February is nearly over, so let’s have a look what has happened:
- We sumitted a bid to the SEA2017 conference, titled “A New Perspective on Complexity for Robust Combinatorial Optimization”. Let’s see how it fares, it is a competitive venue. Our basic idea is quite nice, though: Do robust problems really get harder and harder, the more scenarios you add? Spoiler alert: Not quite!
- I wrote a grant proposal along similar lines, which is all ready for submission. Only some letters of support are still missing before I can send it on its way.
- The Mitteilungen der DMV is the magazine of the German Mathematical Society. I wrote an article about Brexit and its impact on my academic work, which will be in the next issue.
- In two weeks I will give a talk at the Midlands OR Society on optimisation methods for evacuation planning.

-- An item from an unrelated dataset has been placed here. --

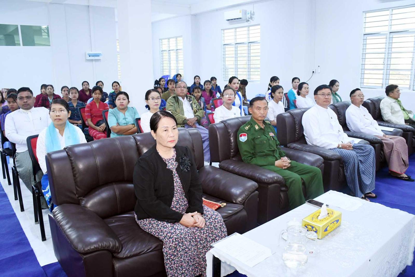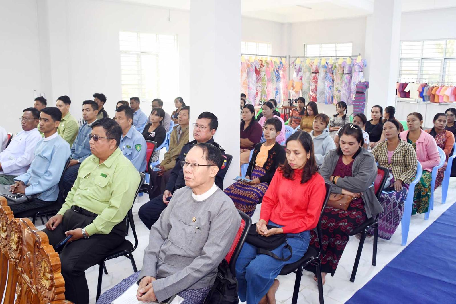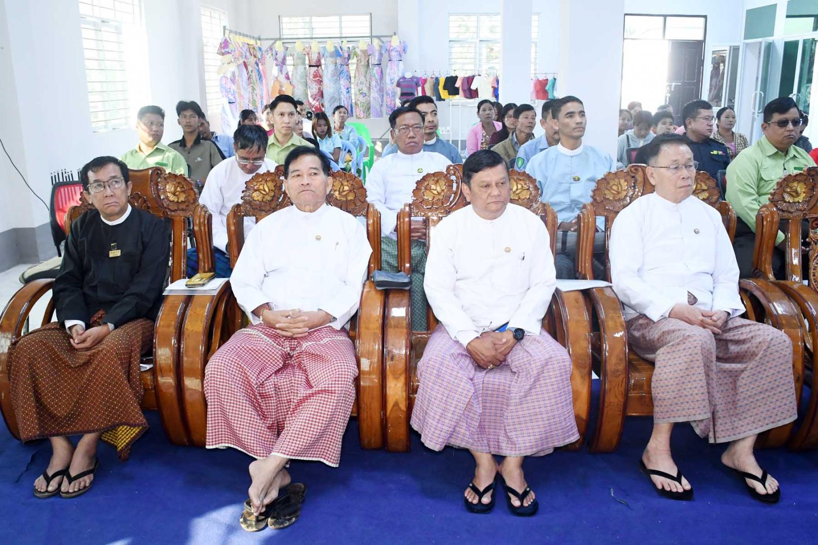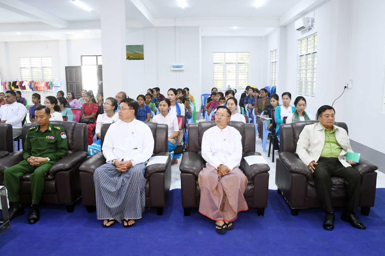 အခမ်းအနားတွင် တိုင်းဒေသကြီးဝန်ကြီးချုပ် ဦးမြတ်ကိုက တိုင်းဒေသကြီးအတွင်း အကြောင်းအမျိုးမျိုးကြောင့် ပညာရေးဆုံးခန်းတိုင်အောင် မသင်ကြားခဲ့ရသော ကျောင်းပြင်ပရောက်ကလေးများ၊ စာမသင်ခဲ့ရသူများ၊ အရွယ် လွန်သူများ၊ အသက်အရွယ်ဖြင့်အတန်းနှင့် မညီမျှသော ကလေးများကို တိုင်းဒေသကြီးအစိုးရအဖွဲ့က ကျောင်းပြင်ပပညာရေးအစီအစဉ်ဖြင့် သင်ကြားဆောင်ရွက်ပေးလျက်ရှိကြောင်း၊ ကျောင်းပြင်ပပညာရေးကျောင်းသား/ကျောင်းသူများ ရသင့်ရထိုက်သောအခွင့်အရေးများ ရရှိအောင် ဆောင်ရွက်ပေးလျက်ရှိကြောင်း၊ ကျောင်းသား/ ကျောင်းသူများအား ကျောင်းစာအပြင် စိတ်ဓာတ်ခွန်အားများရရှိအောင် တိုင်းရင်းသားရေးရာ စင်တာရုံးတွင် အဆင့်မြင့်စက်ချုပ်သင်တန်းအားဖွင့်လှစ်ပေးခြင်းဖြစ်ကြောင်း၊ ကျောင်းနေပြင်ပကျောင်းသား/ ကျောင်းသူများအတွက် သင်တန်းများ ဆက်လက်ဖွင့်လှစ်သင်ကြားပို့ချပေးသွားမည်ဖြစ်ကြောင်း၊ ကျောင်းသား/ ကျောင်းသူများအတွက် လိုအပ်သည့် လူ့စွမ်းအားအရင်းအမြစ်များဖြစ်သော အလတ်စားနှင့်အသေးစားစက်မှုလက်မှုလုပ်ငန်းသင်တန်းများကို ဖွင့်လှစ်ပေးသွားမည်ဖြစ်ကြောင်း၊ ယခုအဆင့်မြင့်စက်ချုပ်သင်တန်းကို ဖွင့်လှစ်သင်ကြားပေးနိုင်သည့်အတွက် ကျောင်းသား/ ကျောင်းသူများအနေဖြင့် အတိုင်းအတာတစ်ခုအထိတတ်မြောက်သွားသော ကြောင့် တိုင်းဒေသကြီးအစိုးရအဖွဲ့အနေဖြင့် ဝမ်းမြောက်ကြောင်း၊ ထို့အပြင် ကျောင်းနေပြင်ပကျောင်းသား/ကျောင်းသူများအတွက် လူမှုစီးပွားဘဝများဖွံ့ဖြိုးတိုးတက်စေရန် ယဉ်ကျေးမှုသင်တန်းများ၊ အသက်မွေးကျောင်းသင်တန်းများကို ဆက်လက်ဖွင့်လှစ် သင်ကြားပေးသွားမှာဖြစ်ကြောင်း ပြောကြားသည်။

- And last but not least, I am now affiliated with the Data Science Institute at Lancaster University!
I am very happy to announce that some fruits of last year’s labour in Wroclaw are now ripe and ready. The paper is called “On Recoverable and Two-Stage Robust Selection Problems with Budgeted Uncertainty” and can be found here. The general idea is actually quite simple: Say we can choose p out of n items. Then the adversary can choose a bounded number of items and make them more expensive. Afterwards, in a third stage, we may exchange some of our items again. We tried to answer the question if this problem can be solved in polynomial time or not.
It turns out that this is indeed possible, if the uncertainty set is continuous. For discrete types of uncertainty, this question remains still open – but at least we found a way to formulate it as a compact mixed-integer programme. This is the abstract:
In this paper the problem of selecting p out of n available items is discussed, such that their total cost is minimized. We assume that costs are not known exactly, but stem from a set of possible outcomes.
Robust recoverable and two-stage models of this selection problem are analyzed. In the two-stage problem, up to p items is chosen in the first stage, and the solution is completed once the scenario becomes revealed in the second stage. In the recoverable problem, a set of p items is selected in the first stage, and can be modified by exchanging up to k items in the second stage, after a scenario reveals.
We assume that uncertain costs are modeled through bounded uncertainty sets, i.e., the interval uncertainty sets with an additional linear (budget) constraint, in their discrete and continuous variants. Polynomial algorithms for recoverable and two-stage selection problems with continuous bounded uncertainty, and compact mixed integer formulations in the case of discrete bounded uncertainty are constructed.
Next Friday (10 February) I will give a talk on the scenario aggregation results at the Combinatorial Optimization and Applications workshop in Edinburgh. The organisers were able to invite an impressive list of speakers, so I’m much looking forward to the packed single-day schedule!